→ **Data excerpt**

Start of Block

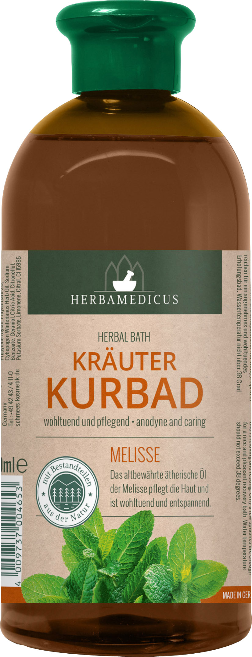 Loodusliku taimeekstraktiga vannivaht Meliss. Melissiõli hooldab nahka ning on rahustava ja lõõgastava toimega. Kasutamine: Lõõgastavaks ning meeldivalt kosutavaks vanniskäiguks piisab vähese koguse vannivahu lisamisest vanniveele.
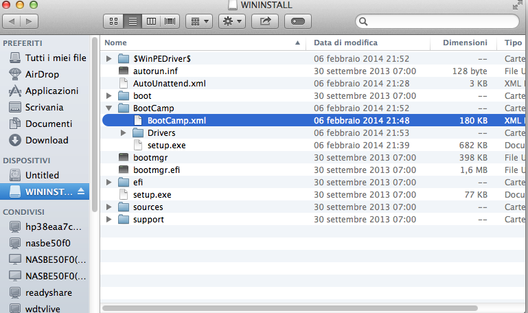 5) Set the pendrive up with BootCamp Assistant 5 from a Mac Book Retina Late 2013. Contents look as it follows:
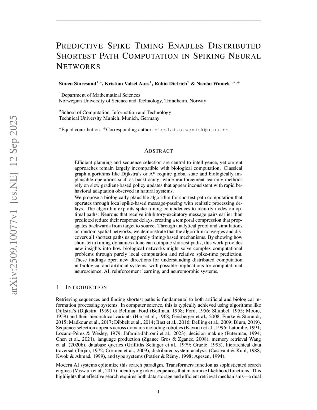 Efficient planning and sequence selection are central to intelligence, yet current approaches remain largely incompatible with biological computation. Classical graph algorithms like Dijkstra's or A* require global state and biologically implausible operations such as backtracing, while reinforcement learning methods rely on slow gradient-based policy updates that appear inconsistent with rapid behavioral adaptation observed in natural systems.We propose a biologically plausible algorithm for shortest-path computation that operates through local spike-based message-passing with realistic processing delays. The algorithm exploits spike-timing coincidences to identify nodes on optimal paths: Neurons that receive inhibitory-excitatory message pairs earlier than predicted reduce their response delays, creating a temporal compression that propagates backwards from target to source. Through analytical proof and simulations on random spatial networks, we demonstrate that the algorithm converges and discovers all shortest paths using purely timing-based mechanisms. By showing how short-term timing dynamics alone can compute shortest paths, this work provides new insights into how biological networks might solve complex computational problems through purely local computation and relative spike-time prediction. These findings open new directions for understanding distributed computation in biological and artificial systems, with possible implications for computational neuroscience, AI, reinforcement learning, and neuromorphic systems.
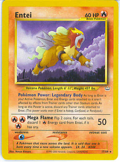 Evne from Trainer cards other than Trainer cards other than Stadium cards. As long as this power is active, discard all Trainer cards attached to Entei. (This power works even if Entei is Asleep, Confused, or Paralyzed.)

End of Block

→ **Required action**
When you copy the data above, keep each line exact and omit the pictures.

→ **Answer space**
 Loodusliku taimeekstraktiga vannivaht Meliss. Melissiõli hooldab nahka ning on rahustava ja lõõgastava toimega. Kasutamine: Lõõgastavaks ning meeldivalt kosutavaks vanniskäiguks piisab vähese koguse vannivahu lisamisest vanniveele.
 5) Set the pendrive up with BootCamp Assistant 5 from a Mac Book Retina Late 2013. Contents look as it follows:
 Efficient planning and sequence selection are central to intelligence, yet current approaches remain largely incompatible with biological computation. Classical graph algorithms like Dijkstra's or A* require global state and biologically implausible operations such as backtracing, while reinforcement learning methods rely on slow gradient-based policy updates that appear inconsistent with rapid behavioral adaptation observed in natural systems.We propose a biologically plausible algorithm for shortest-path computation that operates through local spike-based message-passing with realistic processing delays. The algorithm exploits spike-timing coincidences to identify nodes on optimal paths: Neurons that receive inhibitory-excitatory message pairs earlier than predicted reduce their response delays, creating a temporal compression that propagates backwards from target to source. Through analytical proof and simulations on random spatial networks, we demonstrate that the algorithm converges and discovers all shortest paths using purely timing-based mechanisms. By showing how short-term timing dynamics alone can compute shortest paths, this work provides new insights into how biological networks might solve complex computational problems through purely local computation and relative spike-time prediction. These findings open new directions for understanding distributed computation in biological and artificial systems, with possible implications for computational neuroscience, AI, reinforcement learning, and neuromorphic systems.
 Evne from Trainer cards other than Trainer cards other than Stadium cards. As long as this power is active, discard all Trainer cards attached to Entei. (This power works even if Entei is Asleep, Confused, or Paralyzed.)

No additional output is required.